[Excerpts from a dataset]
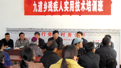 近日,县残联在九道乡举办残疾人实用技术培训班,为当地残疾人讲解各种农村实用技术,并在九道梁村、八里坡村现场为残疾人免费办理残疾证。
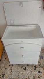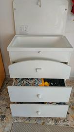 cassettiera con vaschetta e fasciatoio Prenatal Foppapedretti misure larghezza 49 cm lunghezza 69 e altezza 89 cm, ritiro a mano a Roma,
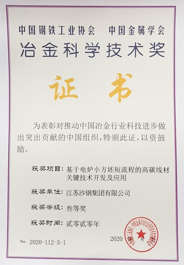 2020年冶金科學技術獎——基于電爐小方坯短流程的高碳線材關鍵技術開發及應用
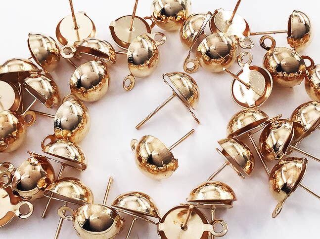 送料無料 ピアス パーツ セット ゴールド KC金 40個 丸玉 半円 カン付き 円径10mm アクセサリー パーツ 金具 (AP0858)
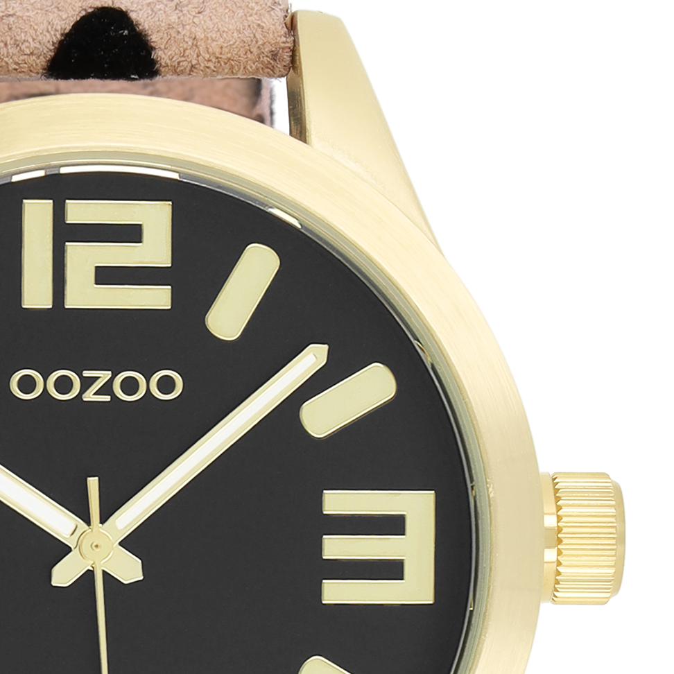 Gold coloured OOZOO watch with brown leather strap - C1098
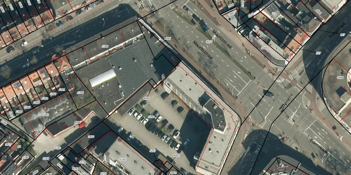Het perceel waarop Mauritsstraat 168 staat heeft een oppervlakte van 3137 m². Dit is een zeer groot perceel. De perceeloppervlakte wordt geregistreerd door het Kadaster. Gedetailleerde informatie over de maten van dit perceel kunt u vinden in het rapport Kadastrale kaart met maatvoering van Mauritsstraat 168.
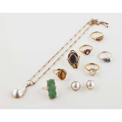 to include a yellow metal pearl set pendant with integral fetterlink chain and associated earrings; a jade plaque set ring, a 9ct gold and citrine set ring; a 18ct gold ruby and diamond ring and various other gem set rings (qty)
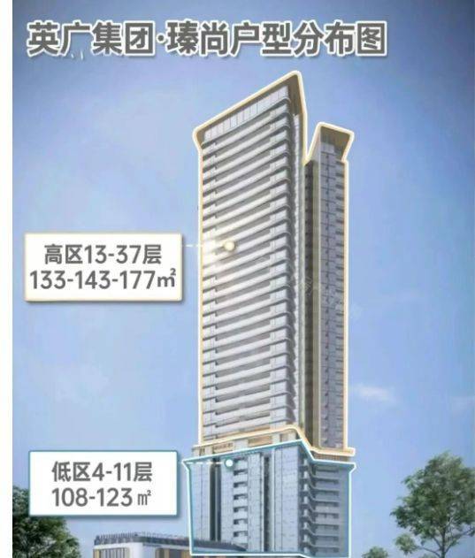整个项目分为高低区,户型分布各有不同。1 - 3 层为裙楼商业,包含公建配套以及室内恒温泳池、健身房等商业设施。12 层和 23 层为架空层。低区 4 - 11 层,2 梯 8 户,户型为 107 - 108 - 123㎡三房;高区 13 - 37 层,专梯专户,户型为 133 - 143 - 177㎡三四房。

...

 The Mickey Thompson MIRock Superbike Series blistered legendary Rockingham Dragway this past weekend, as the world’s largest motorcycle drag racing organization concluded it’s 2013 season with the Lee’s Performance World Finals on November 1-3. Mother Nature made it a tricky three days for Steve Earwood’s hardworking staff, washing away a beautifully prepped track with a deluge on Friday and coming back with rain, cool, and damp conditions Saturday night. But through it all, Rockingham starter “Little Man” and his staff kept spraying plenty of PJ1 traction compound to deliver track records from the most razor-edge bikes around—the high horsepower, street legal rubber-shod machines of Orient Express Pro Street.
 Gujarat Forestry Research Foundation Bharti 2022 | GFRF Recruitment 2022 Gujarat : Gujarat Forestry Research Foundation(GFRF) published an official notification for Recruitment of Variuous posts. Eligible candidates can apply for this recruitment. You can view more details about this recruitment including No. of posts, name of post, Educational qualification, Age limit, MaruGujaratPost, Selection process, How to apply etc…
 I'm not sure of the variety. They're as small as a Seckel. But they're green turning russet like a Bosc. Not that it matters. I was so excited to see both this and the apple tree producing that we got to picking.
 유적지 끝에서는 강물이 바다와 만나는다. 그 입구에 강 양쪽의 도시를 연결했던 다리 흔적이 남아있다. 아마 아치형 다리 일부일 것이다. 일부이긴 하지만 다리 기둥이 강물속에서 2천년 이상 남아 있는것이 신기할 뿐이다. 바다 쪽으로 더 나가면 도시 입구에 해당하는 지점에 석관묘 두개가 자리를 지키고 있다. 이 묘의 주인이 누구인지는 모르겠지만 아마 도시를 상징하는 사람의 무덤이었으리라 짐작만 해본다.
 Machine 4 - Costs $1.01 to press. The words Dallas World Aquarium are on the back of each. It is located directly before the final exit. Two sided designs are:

==

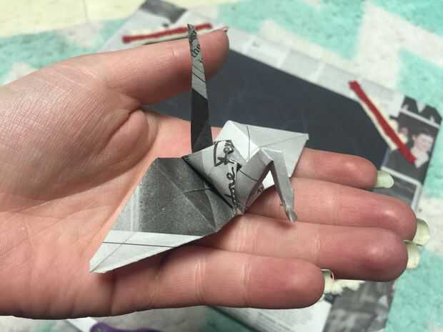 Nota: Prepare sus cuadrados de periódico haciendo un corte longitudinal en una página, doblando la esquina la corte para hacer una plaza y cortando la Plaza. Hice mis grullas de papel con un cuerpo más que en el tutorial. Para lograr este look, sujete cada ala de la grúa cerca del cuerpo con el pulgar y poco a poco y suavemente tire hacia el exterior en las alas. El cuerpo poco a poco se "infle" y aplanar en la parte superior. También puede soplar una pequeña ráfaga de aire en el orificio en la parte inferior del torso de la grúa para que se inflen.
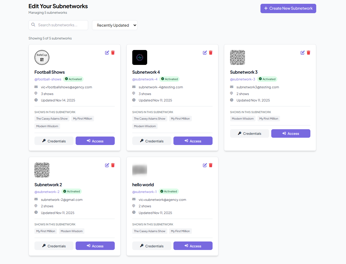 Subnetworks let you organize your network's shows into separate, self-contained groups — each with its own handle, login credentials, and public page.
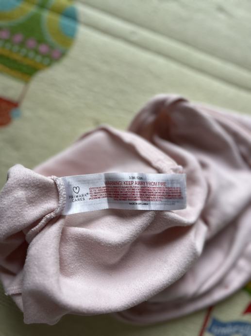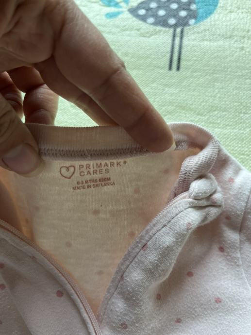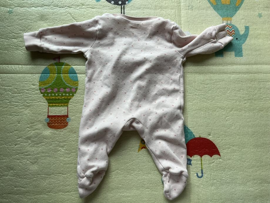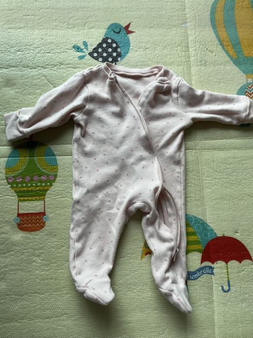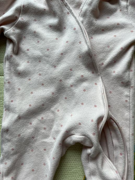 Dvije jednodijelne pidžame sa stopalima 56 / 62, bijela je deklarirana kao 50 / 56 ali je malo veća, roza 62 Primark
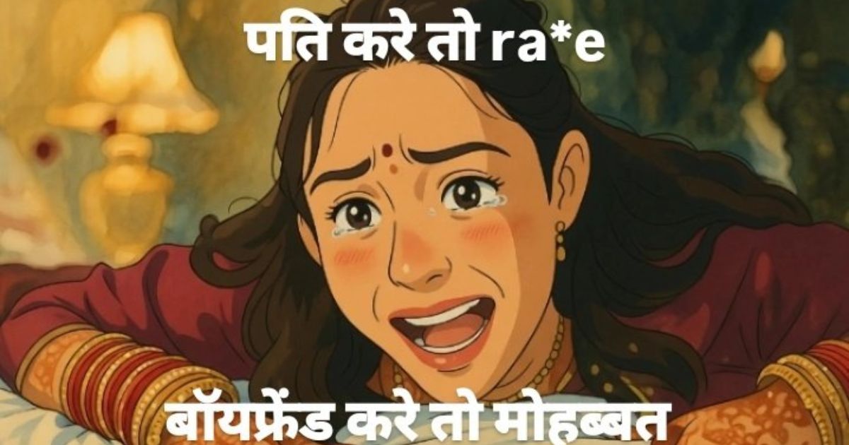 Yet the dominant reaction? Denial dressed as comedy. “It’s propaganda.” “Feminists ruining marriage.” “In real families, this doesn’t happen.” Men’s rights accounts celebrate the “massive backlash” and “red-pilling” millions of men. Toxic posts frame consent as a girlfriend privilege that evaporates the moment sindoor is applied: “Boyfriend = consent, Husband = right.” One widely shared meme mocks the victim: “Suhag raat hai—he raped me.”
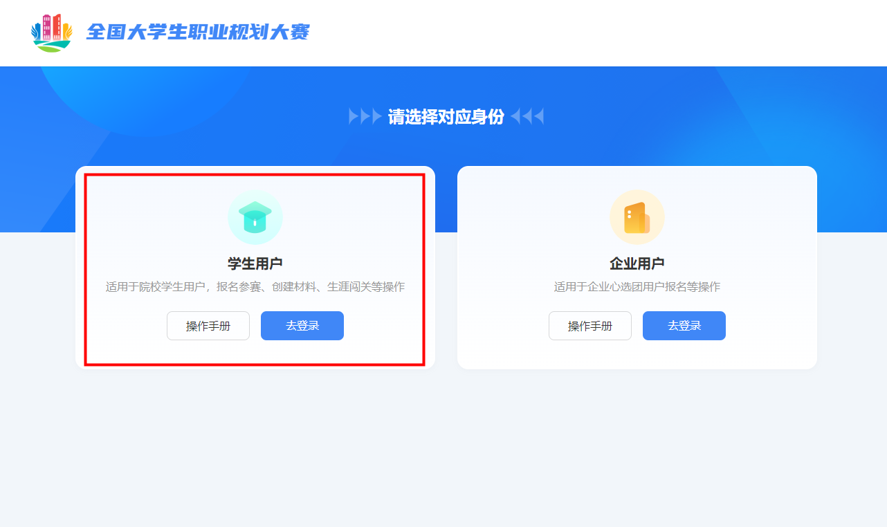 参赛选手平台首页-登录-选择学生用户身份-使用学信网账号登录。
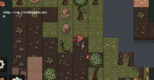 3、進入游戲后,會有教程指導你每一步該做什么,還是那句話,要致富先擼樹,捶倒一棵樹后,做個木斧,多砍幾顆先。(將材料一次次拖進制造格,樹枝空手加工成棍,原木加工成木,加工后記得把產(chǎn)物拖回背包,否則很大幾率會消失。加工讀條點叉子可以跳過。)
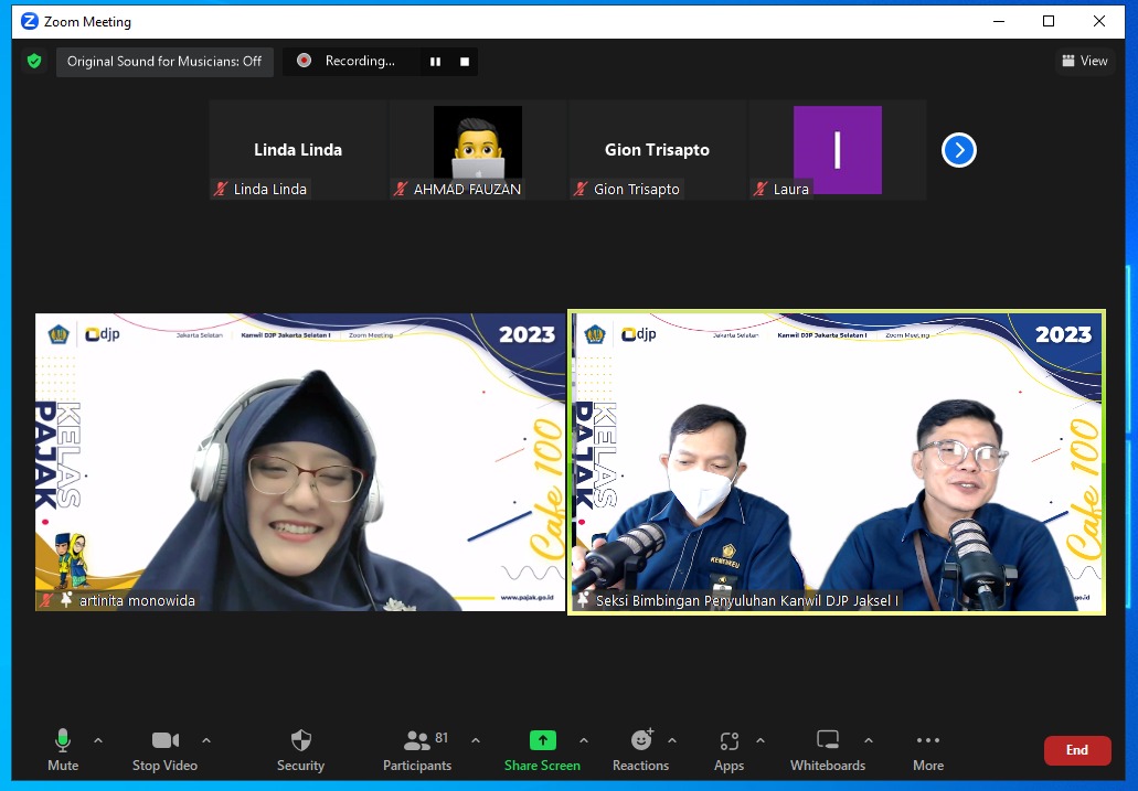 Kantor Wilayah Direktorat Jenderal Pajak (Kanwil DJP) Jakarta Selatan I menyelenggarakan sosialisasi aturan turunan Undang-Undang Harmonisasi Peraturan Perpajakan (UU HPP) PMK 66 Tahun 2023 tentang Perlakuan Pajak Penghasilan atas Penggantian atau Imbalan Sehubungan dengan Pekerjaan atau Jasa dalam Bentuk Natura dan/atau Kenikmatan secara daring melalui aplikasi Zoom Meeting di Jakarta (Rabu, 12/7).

Problem requirements -
Search the records for the word "World". Copy each line where it appears.

Result of the exercise -
 The Mickey Thompson MIRock Superbike Series blistered legendary Rockingham Dragway this past weekend, as the world’s largest motorcycle drag racing organization concluded it’s 2013 season with the Lee’s Performance World Finals on November 1-3. Mother Nature made it a tricky three days for Steve Earwood’s hardworking staff, washing away a beautifully prepped track with a deluge on Friday and coming back with rain, cool, and damp conditions Saturday night. But through it all, Rockingham starter “Little Man” and his staff kept spraying plenty of PJ1 traction compound to deliver track records from the most razor-edge bikes around—the high horsepower, street legal rubber-shod machines of Orient Express Pro Street.
 Machine 4 - Costs $1.01 to press. The words Dallas World Aquarium are on the back of each. It is located directly before the final exit. Two sided designs are:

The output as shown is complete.